When I joined, the MongoDB cluster was a single replica set handling 40K daily users. 18 months later we were at 200K with a 2x-improved P95. Here is what actually moved the needle.

Indexes, not instances

The first instinct when things slow down is to scale horizontally. Do not. I spent a week with MongoDB Compass's profiler and found that 70 percent of our slow queries were scanning collections because an index was missing or the compound-index order was wrong.

Rule of thumb for compound indexes: equality, sort, range. A query like this:

db.posts.find({ status: 'active' }).sort({ createdAt: -1 }).limit(20)

wants an index on { status: 1, createdAt: -1 }, in that exact order. Put the range field last or the index will not help the sort.

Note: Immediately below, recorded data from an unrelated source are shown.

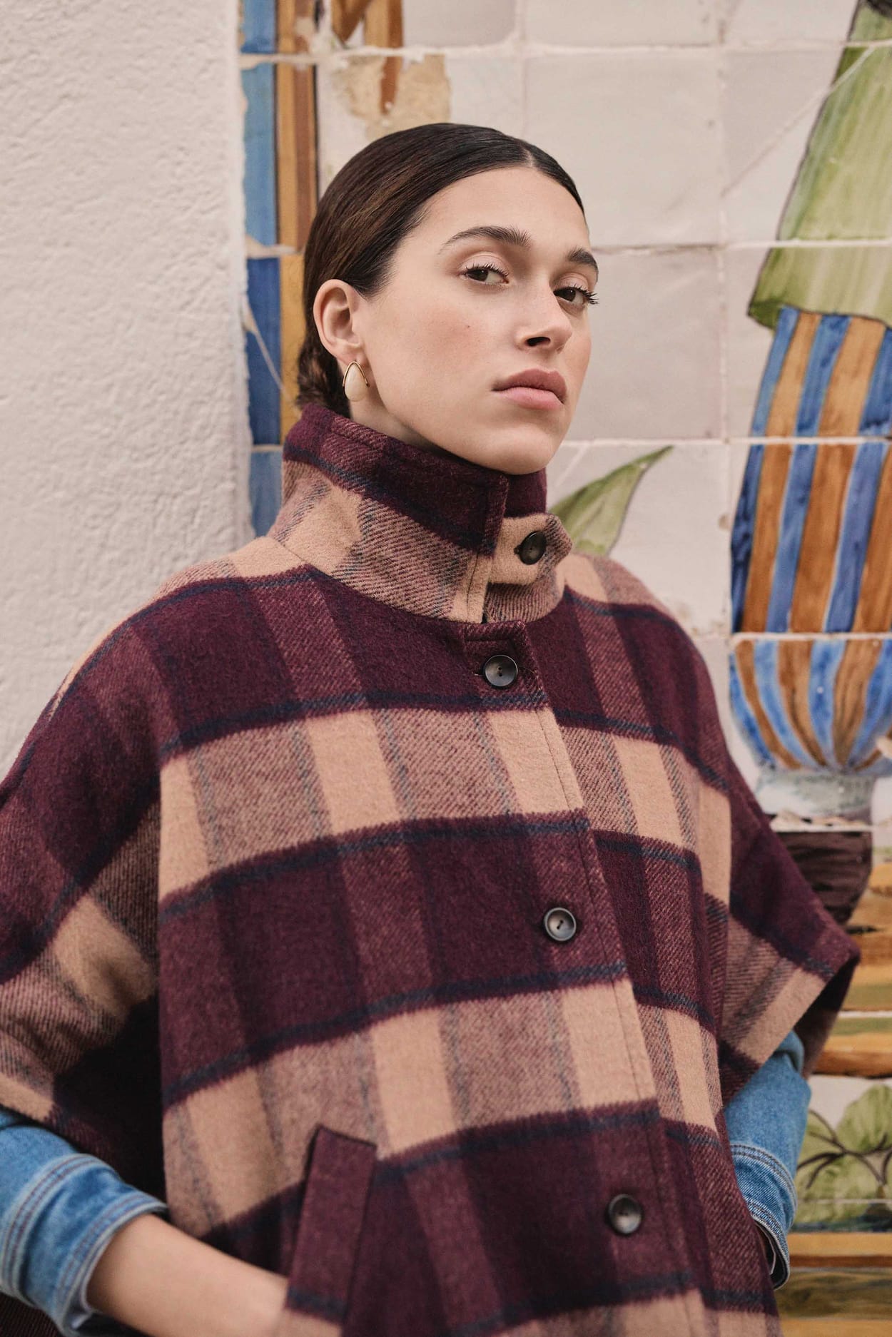 DOLLY Checked Cape Coat;${refinementColor}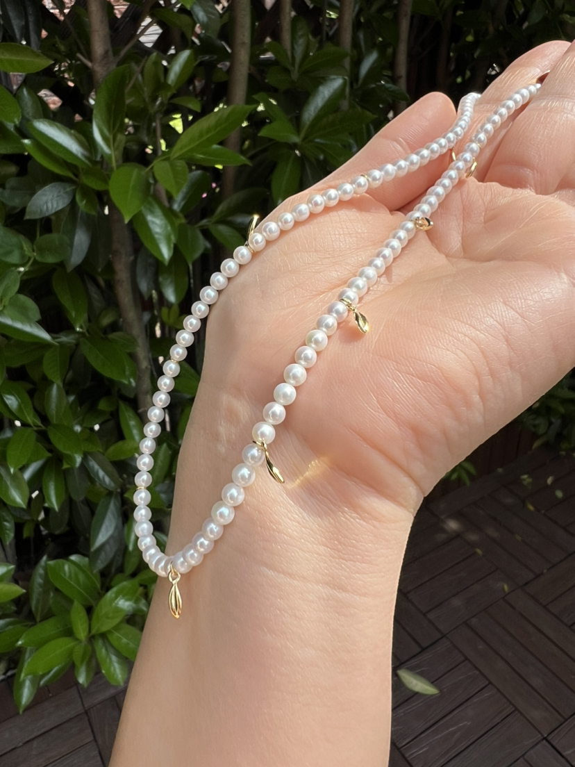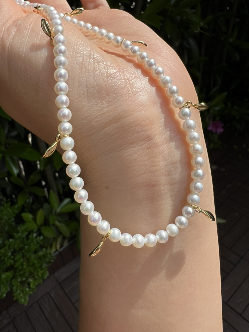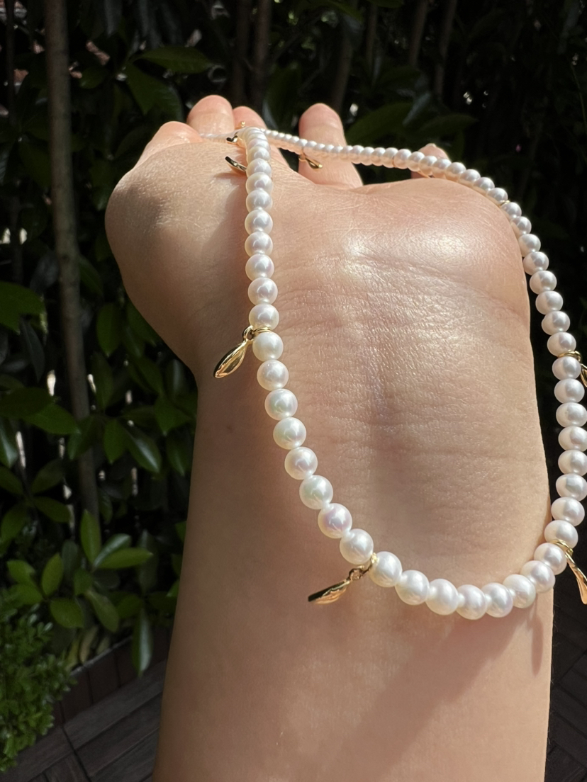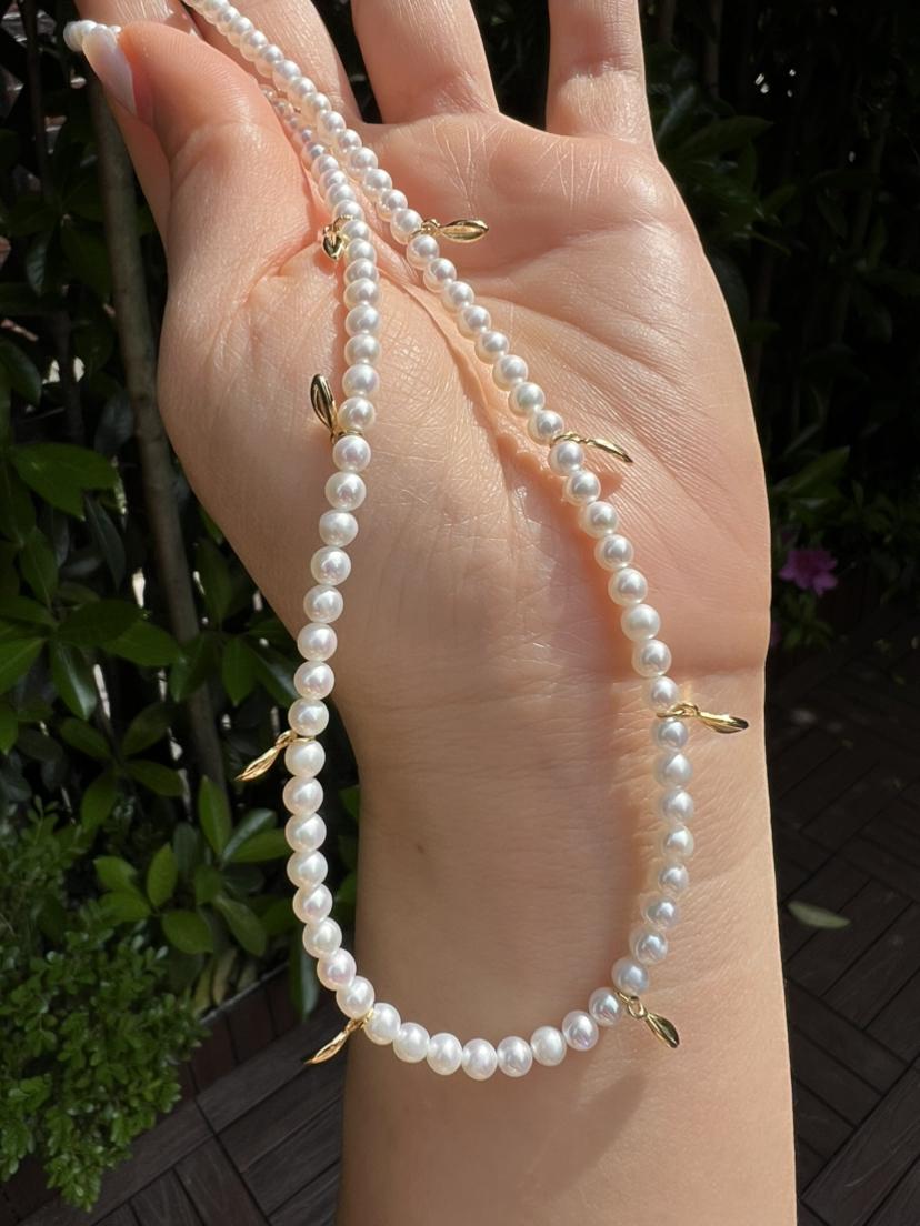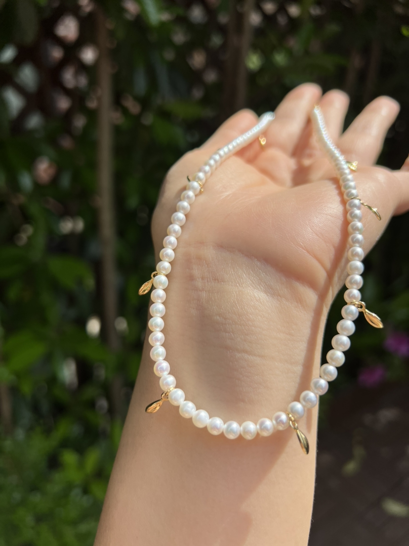 421-2 HF同款 事业有成 金叶子珍珠项链 4-4.5mmbaby珠 近正圆强光微瑕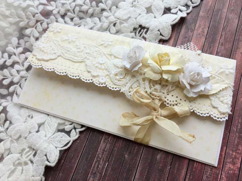 Максимально простой в изготовлении вариант открытки. Как следует из названия, центральным местом такой пригласительной открытки является кружево, которое приковывает на себе взгляды.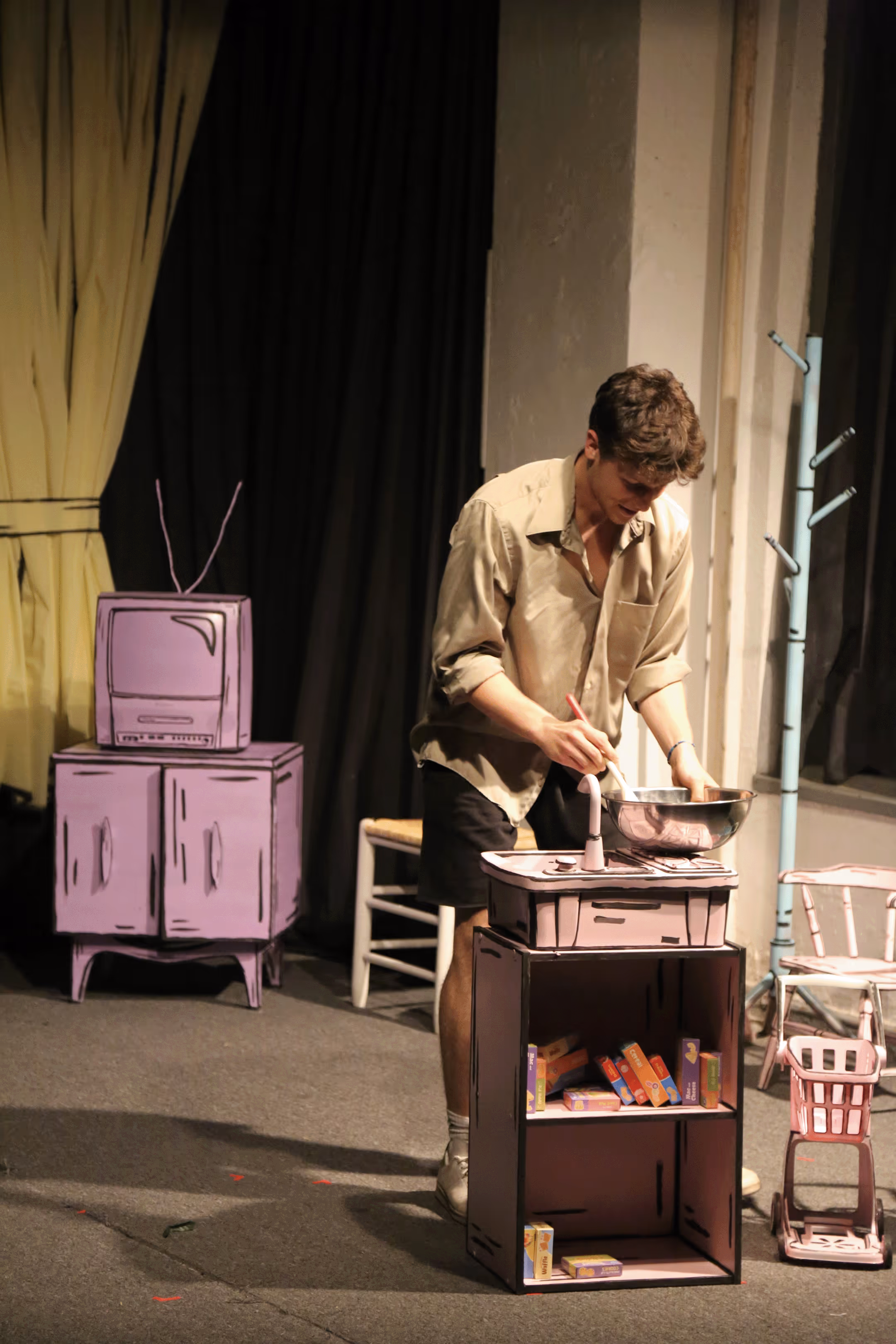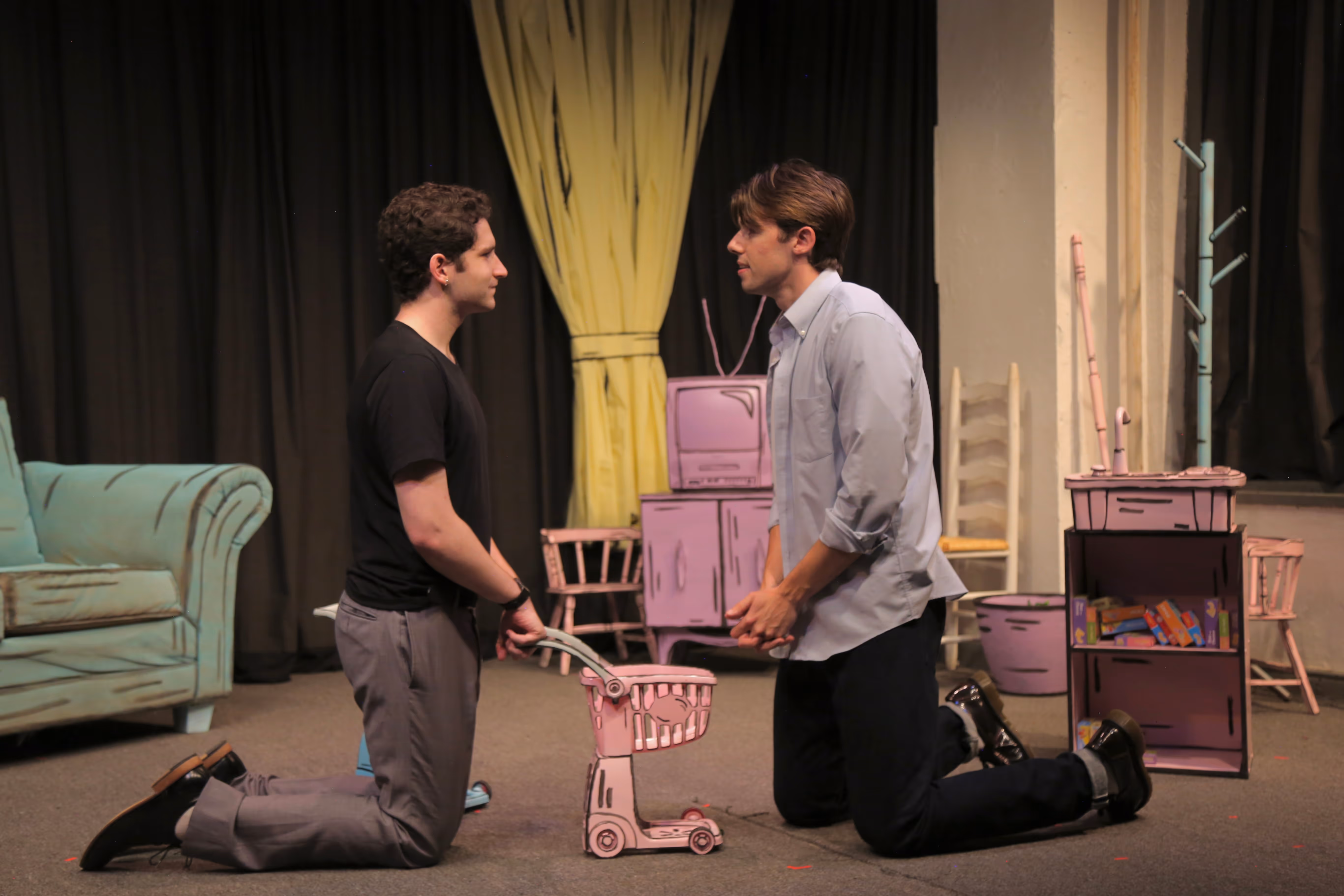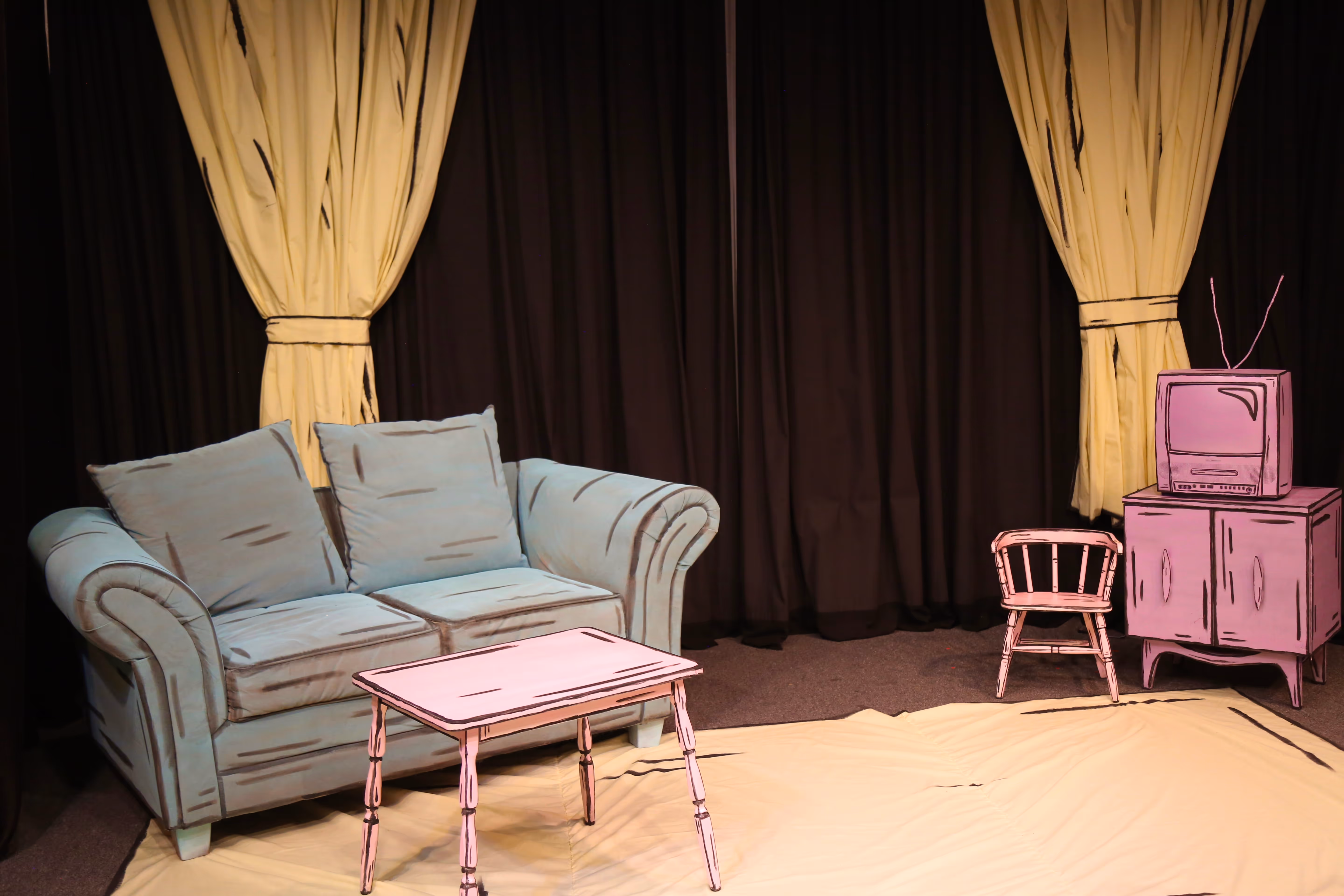 - The set is of a surreal and cartoonish playroom that distorts scale and reality.

Projection is free performance

Every find that returns the whole document when you only need three fields is leaving bandwidth on the floor. Adding a projection shrunk one of our hottest endpoints by 60 percent:

db.posts.find(
  { status: 'active' },
  { projection: { title: 1, slug: 1, _id: 0 } }
);

Avoid $lookup in the hot path

$lookup is MongoDB's JOIN, and it is as expensive as you would expect. For read-heavy hot paths, I denormalize the joined fields and accept the write-time cost. For cold reports and admin tools, $lookup is fine.

Connection pooling matters more than you think

Default pool size is 100. When you have 20 app instances, that is 2,000 connections MongoDB has to juggle. I dropped it to 20 per instance and latency improved. Fewer connections meant MongoDB was not context-switching as much.

Run a restore drill quarterly

Do not find out your backup strategy is broken during an incident. I am not kidding.